__Dataset extract__
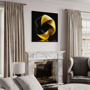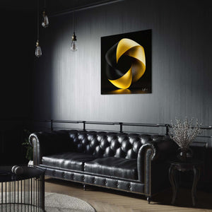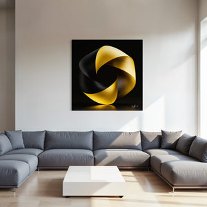 As an artist, I envisioned a piece that embodies both elegance and complexity. This artwork is a captivating exploration of form and light, where a continuous ribbon twists and turns to create a mesmerizing three-dimensional knot. The design plays with the interaction of contrasting colors: a rich, deep black intertwines with the radiant, lustrous gold.
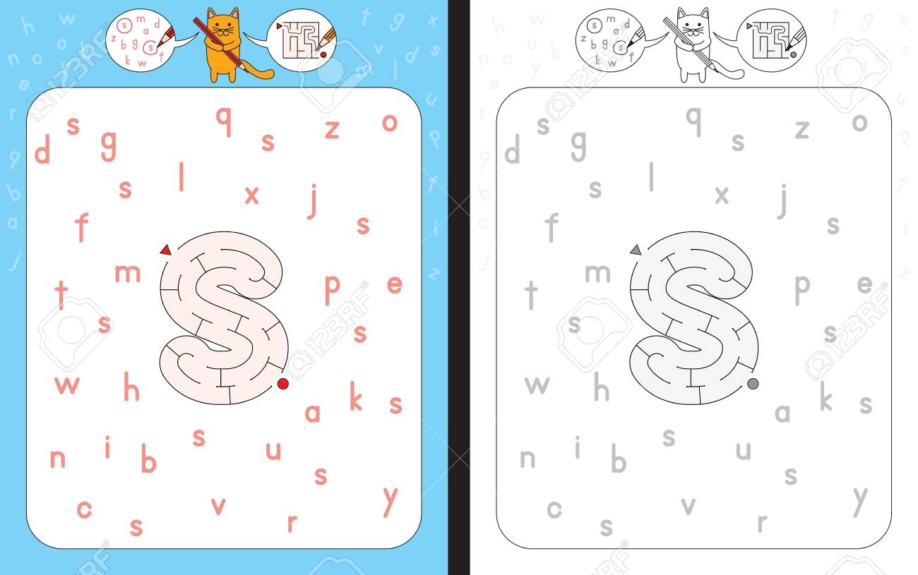 Worksheet For Learning Alphabet Recognizing Letter S Maze In The Shape Of Letter S Royalty Free SVG Cliparts Vectors And Stock Illustration Image 89195924
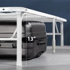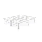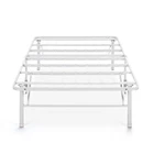 Steel Smart Base Bed Frame This Steel Smart Base Bed Frame is a steel bed foundation that eliminates the need for a box spring. It requires no tools for assembly and can be put together in minutes. This slumber 1 bed frame with maximum weight capacity will provide ultimate support for twin, queen, twin XL, king, California king or full size mattresses. Flat, rigid mattress surface of this 14 inch foundation bed frame gives you large room for under bed storage also offers the utmost comfort for perfect good night sleep. Moreover, its 12 contact points between the mattress and floor offer that rock solid support and stability. This sturdy king bed frame is equipped with caps on legs that helps to keep your floor scar and mar-free. FEATURES Foundation bed frame 14 inches high, allowing for useful under-bed storage Eliminates the need for a box spring Steel bed foundation with a white finish Easy assembly without tools Flat, rigid surface protects mattress Provides level support for mattress for ultimate sleep comfort Twin/twin XL: maximum weight capacity of 1,200 lbs. Queen/king/Cal king: maximum weight capacity of 2,400 lbs. 12 points of contact to the floor Caps on legs to protect your floor Twin size frame: 75"L x 39"W x 14"H Twin XL size frame: 80"L x 39"W x 14"H Full size frame: 75"L x 54"W x 14"H Queen size frame: 80"L x 60"W x 14"H King size frame: 80"L x 76"W x 14"H Cal king size frame: 84"L x 72"W x 14"H FREE SHIPPING!

__Exercise brief__
Reproduce the opening lines of the material above exactly, ending with the line that contains "Worksheet For Learning". Omit every picture.

__Response area__
 As an artist, I envisioned a piece that embodies both elegance and complexity. This artwork is a captivating exploration of form and light, where a continuous ribbon twists and turns to create a mesmerizing three-dimensional knot. The design plays with the interaction of contrasting colors: a rich, deep black intertwines with the radiant, lustrous gold.
 Worksheet For Learning Alphabet Recognizing Letter S Maze In The Shape Of Letter S Royalty Free SVG Cliparts Vectors And Stock Illustration Image 89195924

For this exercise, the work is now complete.